**What needs to be done**:
Exactly retype the lines below from the one containing "La fachada de" through the end of the listing. Leave pictures out.

**Source material**:
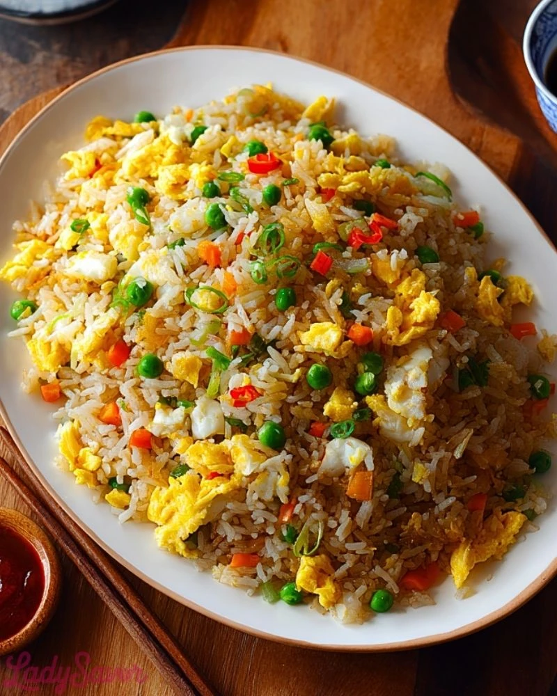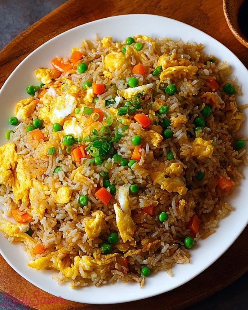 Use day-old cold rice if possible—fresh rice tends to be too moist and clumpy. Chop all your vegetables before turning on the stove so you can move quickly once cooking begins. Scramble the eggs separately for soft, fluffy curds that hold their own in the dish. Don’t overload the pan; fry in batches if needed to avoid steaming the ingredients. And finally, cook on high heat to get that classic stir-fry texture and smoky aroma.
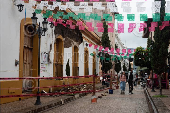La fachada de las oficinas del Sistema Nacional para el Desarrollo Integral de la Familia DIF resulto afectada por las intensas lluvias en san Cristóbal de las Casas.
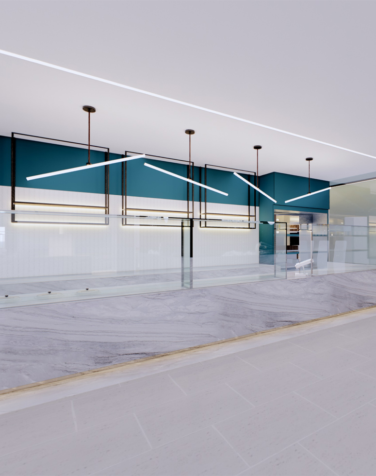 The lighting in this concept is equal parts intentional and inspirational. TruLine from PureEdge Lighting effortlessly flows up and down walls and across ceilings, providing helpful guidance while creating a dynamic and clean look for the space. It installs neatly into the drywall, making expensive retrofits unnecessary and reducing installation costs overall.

**Problem solution**:
La fachada de las oficinas del Sistema Nacional para el Desarrollo Integral de la Familia DIF resulto afectada por las intensas lluvias en san Cristóbal de las Casas.
 The lighting in this concept is equal parts intentional and inspirational. TruLine from PureEdge Lighting effortlessly flows up and down walls and across ceilings, providing helpful guidance while creating a dynamic and clean look for the space. It installs neatly into the drywall, making expensive retrofits unnecessary and reducing installation costs overall.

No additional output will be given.